[Available records Boundary: Start]
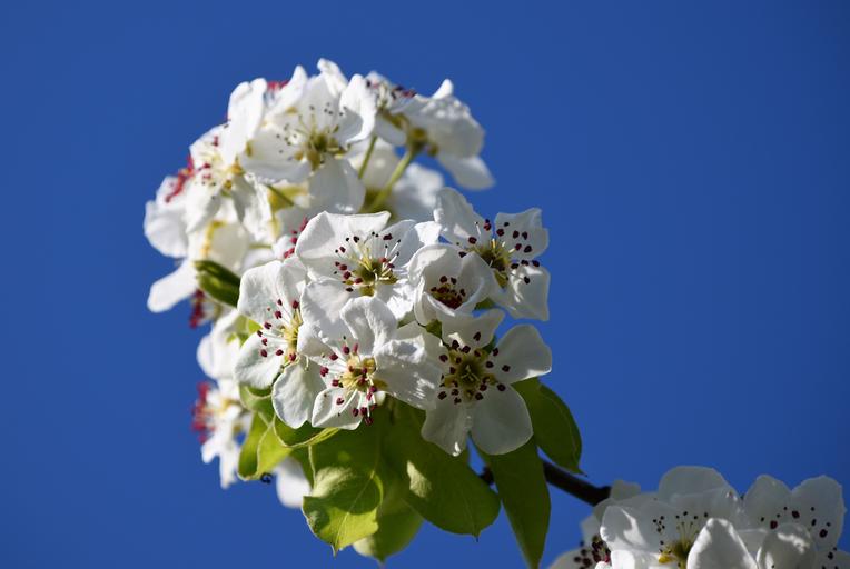 Keywords: blossom bloom spring apple tree full bloom blue sky
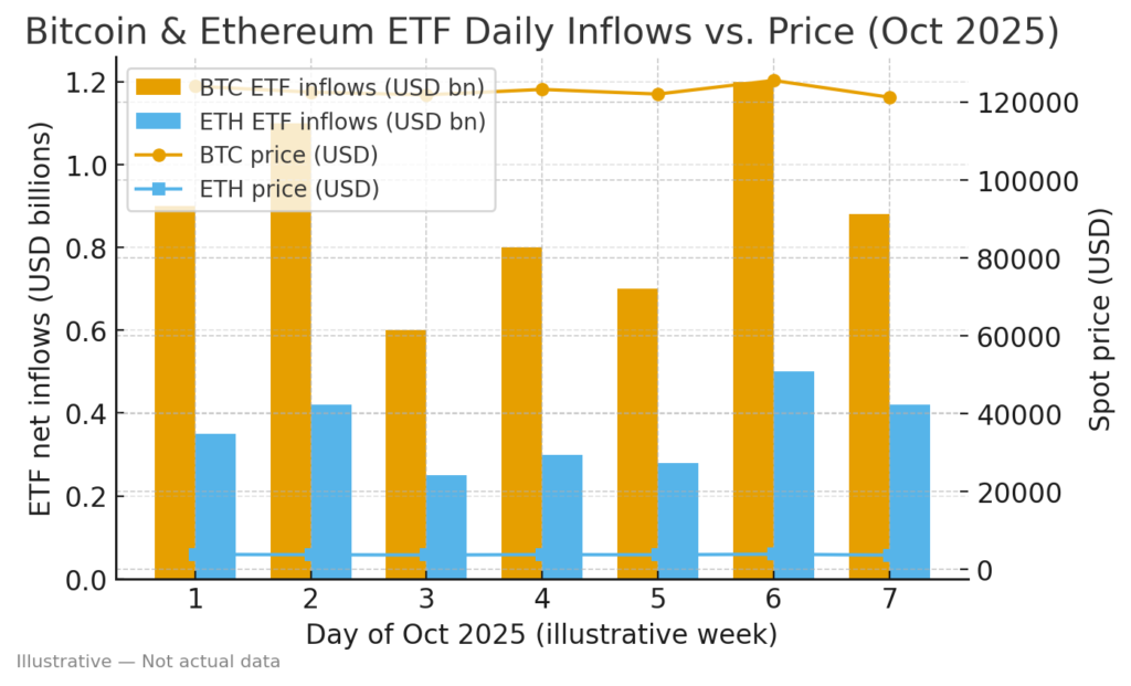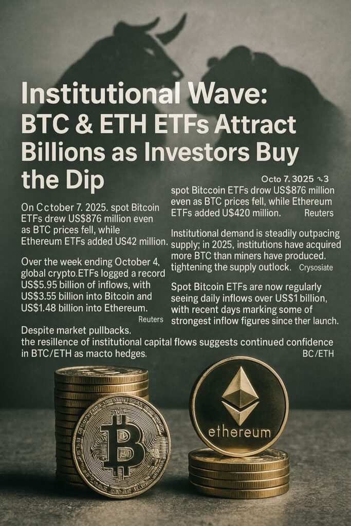 • On October 7, 2025, spot Bitcoin ETFs drew US$876 million even as BTC prices fell, while Ethereum ETFs added US$420 million.
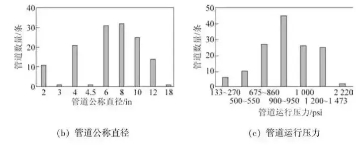 美国机械工程师协会统计了Air Products公司137条输氢管道的运营情况,如图5所示,其中90%的管道为X52钢级及以下的HFW焊管,管道公称外径50.8~457.2 mm,管道运行压力85%集中在4.5~10 MPa,最高运行压力达到15 MPa。
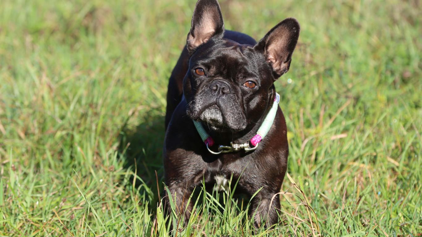 Обои Черный французский бульдог на зеленой траве
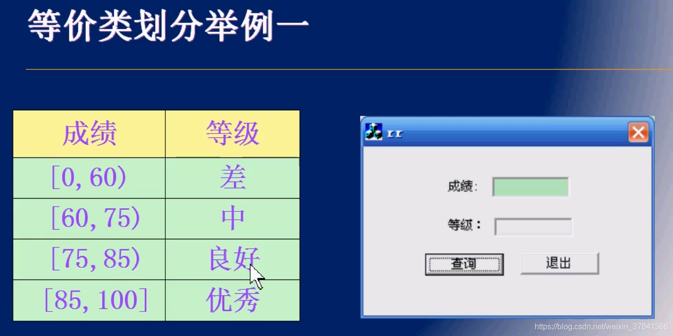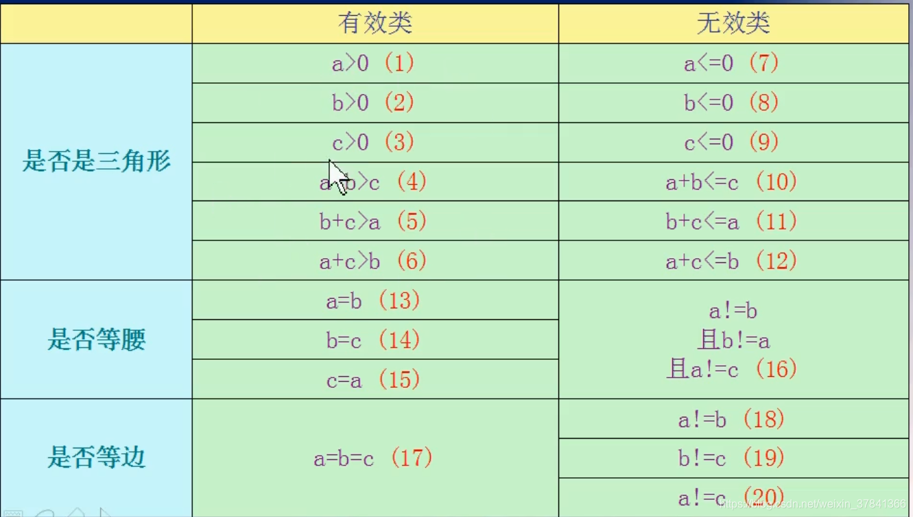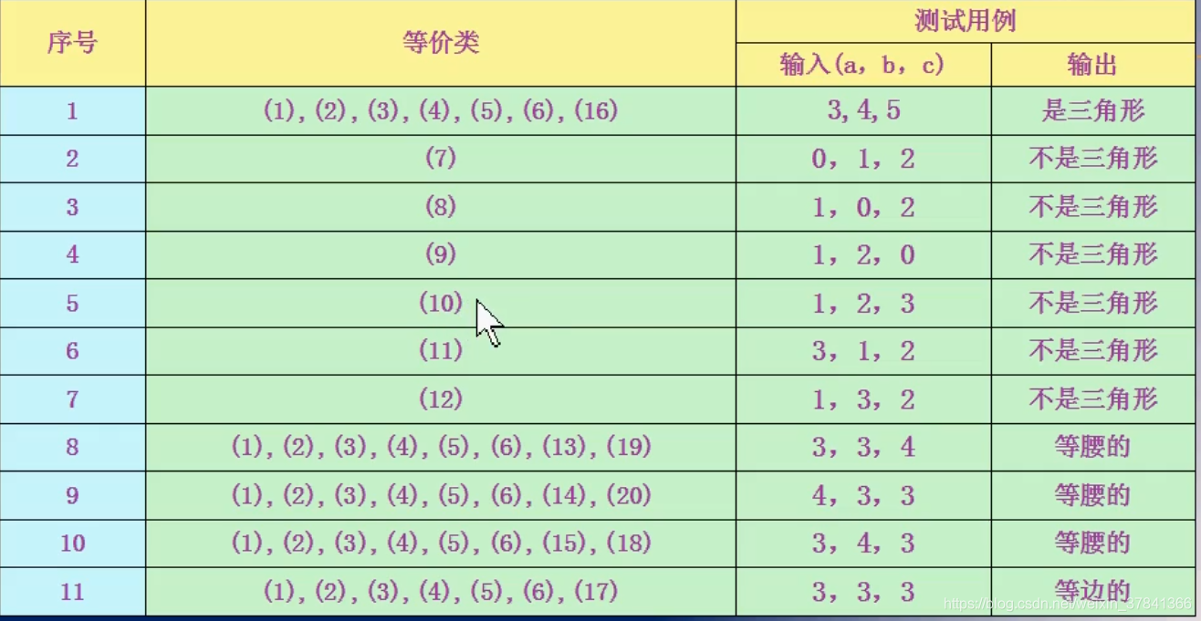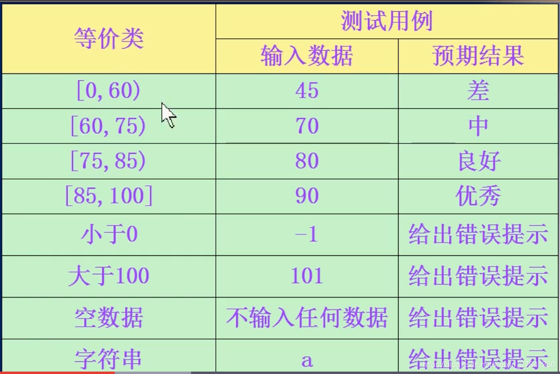 把程序的所有可能的输入数据划分为为若干子集,每一子集的代表性数据在测试中的作用等价于这一子集的其他值。每一个子集就是一个等价类。等价类需要考虑有效等价类和无效等价类
[Available records Boundary: End]
All of the records should be output exactly as they stand, with pictures omitted.

* Result below:
 Keywords: blossom bloom spring apple tree full bloom blue sky
 • On October 7, 2025, spot Bitcoin ETFs drew US$876 million even as BTC prices fell, while Ethereum ETFs added US$420 million.
 美国机械工程师协会统计了Air Products公司137条输氢管道的运营情况,如图5所示,其中90%的管道为X52钢级及以下的HFW焊管,管道公称外径50.8~457.2 mm,管道运行压力85%集中在4.5~10 MPa,最高运行压力达到15 MPa。
 Обои Черный французский бульдог на зеленой траве
 把程序的所有可能的输入数据划分为为若干子集,每一子集的代表性数据在测试中的作用等价于这一子集的其他值。每一个子集就是一个等价类。等价类需要考虑有效等价类和无效等价类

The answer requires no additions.